Scientist Designs A New Gene Therapy For Slowing Ageing And Extending Life
The cellular senescence has become a hallmark and fundamental catalyst of organismic aging. Both genetic and epigenetic factors control it. While a few aging-associated genes have previously been identified, the identity and function of additional genes involved in controlling human cellular aging remain unknown. However, the role of these genes in the treatment of aging and aging-related diseases lacks systematic study.
How many aging genes in the human genome are there? What molecular pathways control the aging of these genes? Can gene therapy mitigate the aging of individuals? Researchers from the Chinese Academy of Sciences recently shed new light on the topic of aging control.
The CAS Institute of Zoology (CAS), Peking University, and Beijing Institute of Genomics recently worked on discovering new genes for human senescence by applying genome-wide screening CRISPR/Cas9 and offering a new therapeutic approach to the management of aging and aging-related diseases.
The researchers carried out CRISPR/Cas9-based genome screens in human premature aging stem cells, finding more than 100 candidate genes that induce senescence in this sample. They further confirmed that each of the top 50 candidate genes was inactivated to facilitate cellular rejuvenation by targeted sgRNA.
KAT7 encoding a histone acetyltransferase was among the highest targets for cellular senescence alleviation. It increased during physiological and pathological aging in human mesenchymal precursor cells. Depletion of KAT7 reduced cellular senescence, while overexpression of KAT7 accelerated cellular senescence.
Inactivation of KAT7 mechanistically reduced acetylation of histone H3 lysine 14, repressed P15INK4b transcription, and rejuvenated human stem cells.
Cumulative studies have shown that age-based aggregation in tissue and organ of senescent cells and the proinflammatory cells leads to the growth and development of aging and aging disorders. Senescent cell prophylactic elimination mitigates tissue degeneration and increases the duration of the health of the mice.
In this analysis, the researchers found that intravenous injection of the Cas9/sG-KAT7 Cas9/sg lentiviral vector reduced the proportion of senescent cells and the proinflammatory cells in the liver, decreased the secretory phenotype (SASP) of circulatory senescence and increased the health and lifespan of an old mouse.
These findings indicate that inactivation-based gene therapy could be necessary to prolong the lifespan of the mouse. They also observed that treatment with Cas9/sg-KAT7 or the KAT7 inhibitor WM-3835 lentiviral vector encoding alleviated man hepatocyte senescence and decreased SASP gene expression, indicating the potential for clinical application of these therapies.

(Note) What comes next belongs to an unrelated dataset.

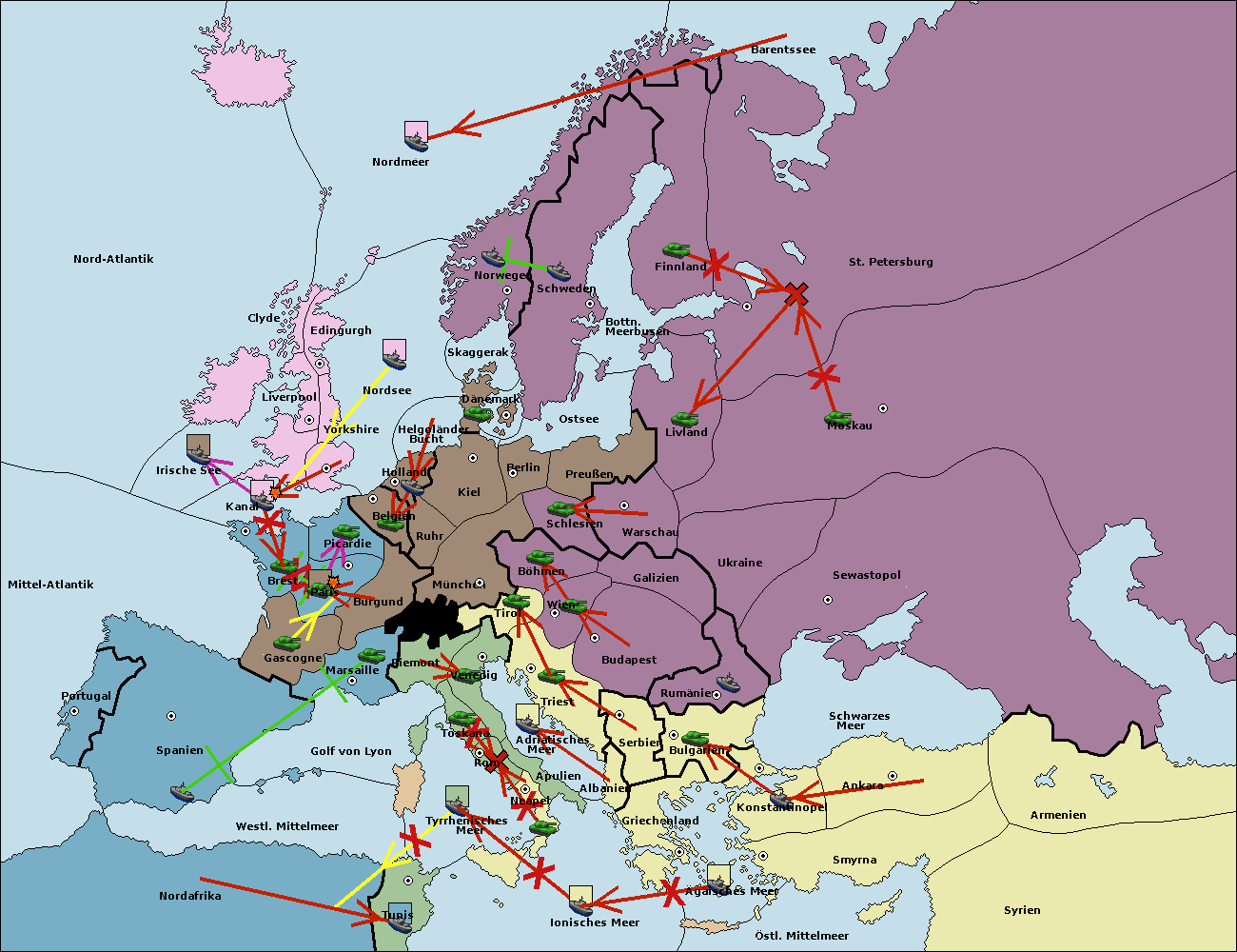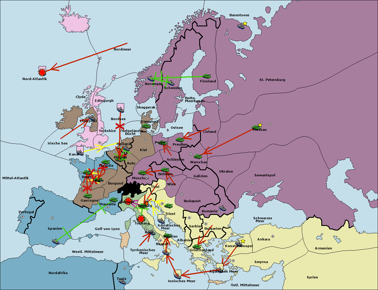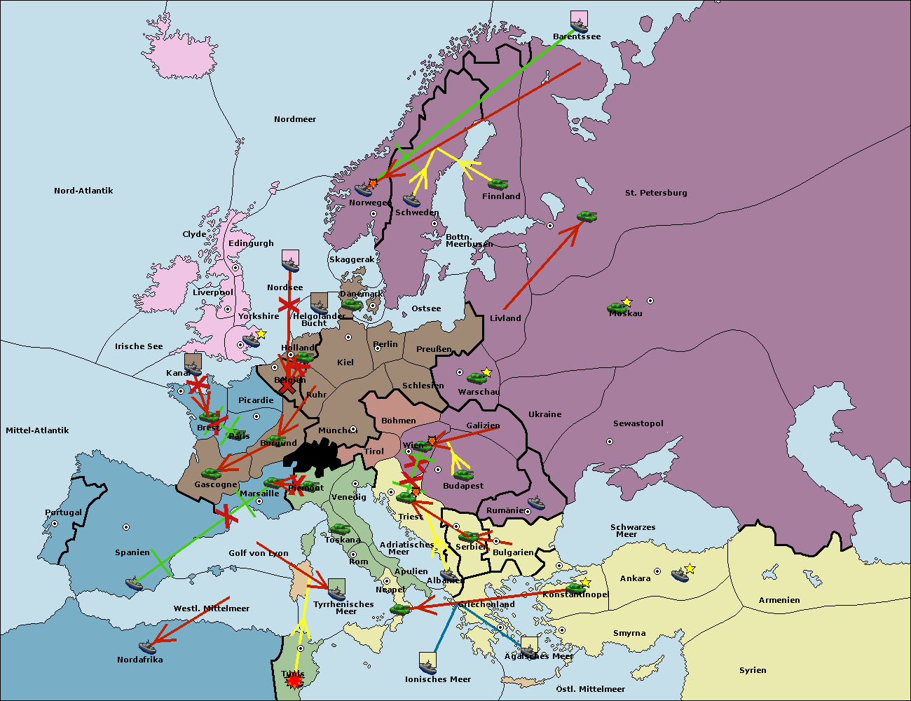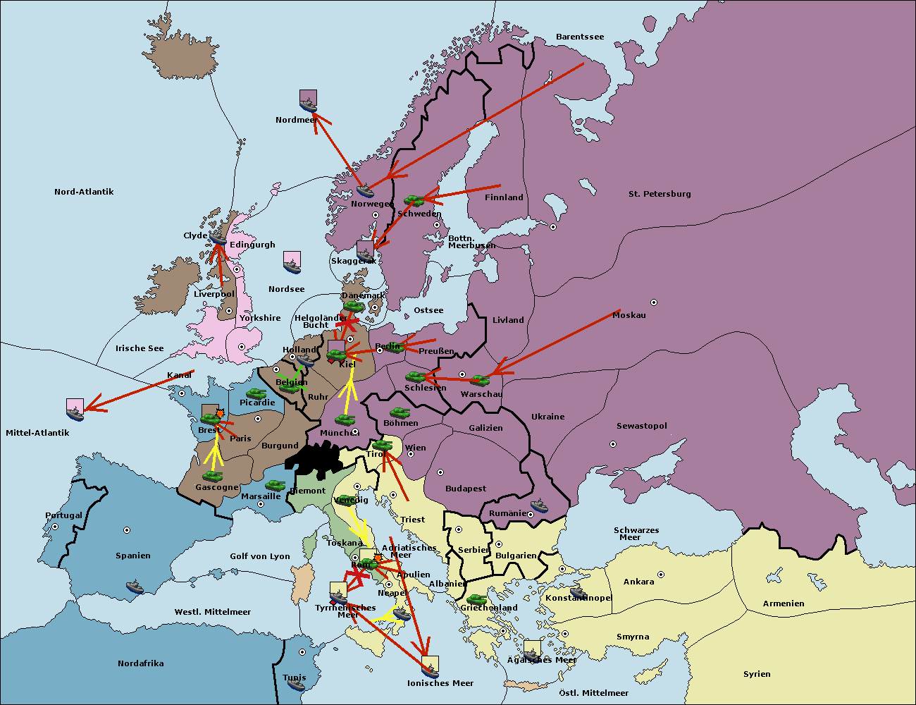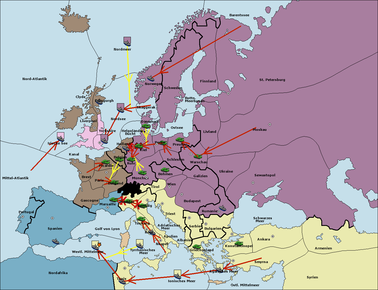 • Die Flotte in St. Petersburg (Nordküste) move nach Norwegen.

In all this research, the list of human senescence promoting genes with CRISPR/Cas9 genome-wide screen has been successfully extended and conceptually shown that gene therapy based on single-factor inactivation is capable of slowing person aging. This research not only strengthens our understanding of the aging process but also offers new possible objectives foraging initiatives.
Reference: “A genome-wide CRISPR-based screen identifies KAT7 as a driver of cellular senescence” by Wei Wang, Yuxuan Zheng, Shuhui Sun, Wei Li, Moshi Song, Qianzhao Ji, Zeming Wu, Zunpeng Liu, Yanling Fan, Feifei Liu, Jingyi Li, Concepcion Rodriguez Esteban, Si Wang, Qi Zhou, Juan Carlos Izpisua Belmonte, Weiqi Zhang, Jing Qu, Fuchou Tang and Guang-Hui Liu, 6 January 2021, Science Translational Medicine.